Von einer lauten weiblichen Stimme werde ich aus meinen Erinnerungen gerissen. Katy betritt mit ihrem Trainer den Gang. In ihren Händen trägt sie ihre Schlittschuhe. Schon auf den ersten Blick sehe ich, dass ihre Schuhe ein Vermögen gekostet haben müssen. Meine Schlittschuhe sind abgetragen und secondhand, aber gegen nichts auf der Welt würde ich sie eintauschen. Für mich haben sie eine persönliche Geschichte. Egal, ob ich meine Vergangenheit ablegen möchte, meine Schlittschuhe werden immer ein Teil von mir bleiben.
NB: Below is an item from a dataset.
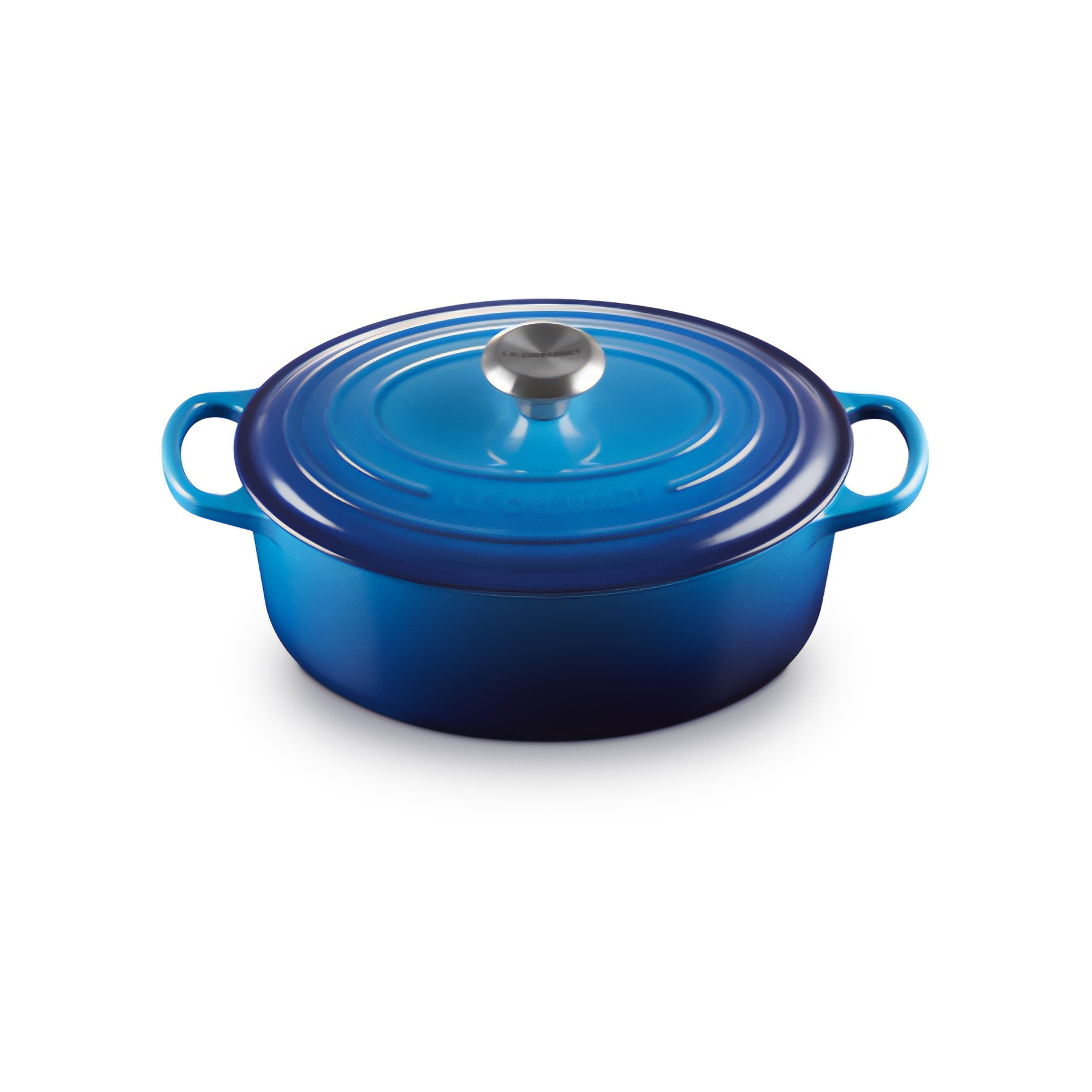 Evolution oval Cocotte casserole made of vitrified cast iron. Available in a selection of 4 colors, it is the key kitchenware item! The strength of Le Creuset is the material used to create unique objects of its kind: in fact, vitrified cast iron is not only one of the most hygienic and long-lasting materials, but it retains heat to cook and brown evenly, enhancing the flavour of perfectly cooked food! This wonderful Casserole comes with two stylish and comfortable handles, so you can easily move from hob to oven to table. The cherry on top of the cake is the lid: the heat resistant knob (up to 260°C), designed for a better grip. Designed by Le Creuset.

„Du musst deine Gedanken zusammennehmen!", erwidert ihr Trainer, während Katy sich auf die Bank fallen lässt und die Schoner über die Kufen der Schlittschuhe zieht.
„Meine Gedanken sind beisammen", brummt sie vor sich hin. Aus ihrem Gesicht bläst sie sich einer ihrer blonden Strähnen.
„Wir sehen uns Morgen. Sag deinem Bruder, dass er pünktlich sein soll!" Daraufhin rauscht ihr Trainerin davon. Kurz blicke ich ihm nach. Er setzt Katy unter Druck, ohne es zu wissen. Vielleicht liegt dort ihre Blockade vor dem Sprung. Versagensangst. Viele Läufer begleitet diese und ist der Grund für Scheitern.
„Hör auf zu gaffen!"

Erschrocken zucke ich zusammen, als Katy zu mir blickt. Beinahe wütend funkeln mich ihre blauen Augen an.
„Ich..."
Kurz rollt sie mit den Augen, bevor sie sich ihre Tasche schnappt. „Such dir doch dein eigenes Drama."

Wie auch Lou zuvor, öffnet sie die Tür und verschwindet nach draußen. Von ihrem Verhalten fassungslos, verharre ich für einen Moment in meiner Position. Doch dann versichere ich mir, dass sie nur an irgendwen ihren Frust über den gescheiterten Sprung auslassen musste und ich stand nun mal direkt da. Ich kenne dieses Gefühl zugut, als dass ich es ihr verübeln könnte.

Abermalig schaue ich auf das Eis. Dann verlasse ich die Eishalle. Ich muss noch etwas zum Essen einkaufen und möchte auch noch in Ruhe mein Zimmer einrichten, bevor die anderen Studenten ankommen und das Chaos ausbricht.

Als ich die Eishalle verlassen will, entdecke ich einen Flyer an der Wand hängen. Gesucht wird nach einer Aushilfe im Café der Eishalle. Sie bieten ein vernünftiges Gehalt, in Teilzeit. Von den Schnipseln, mit einer Telefonnummer darauf, ziehe ich mir einen ab und laufe wieder in Richtung des Studentenwohnheims.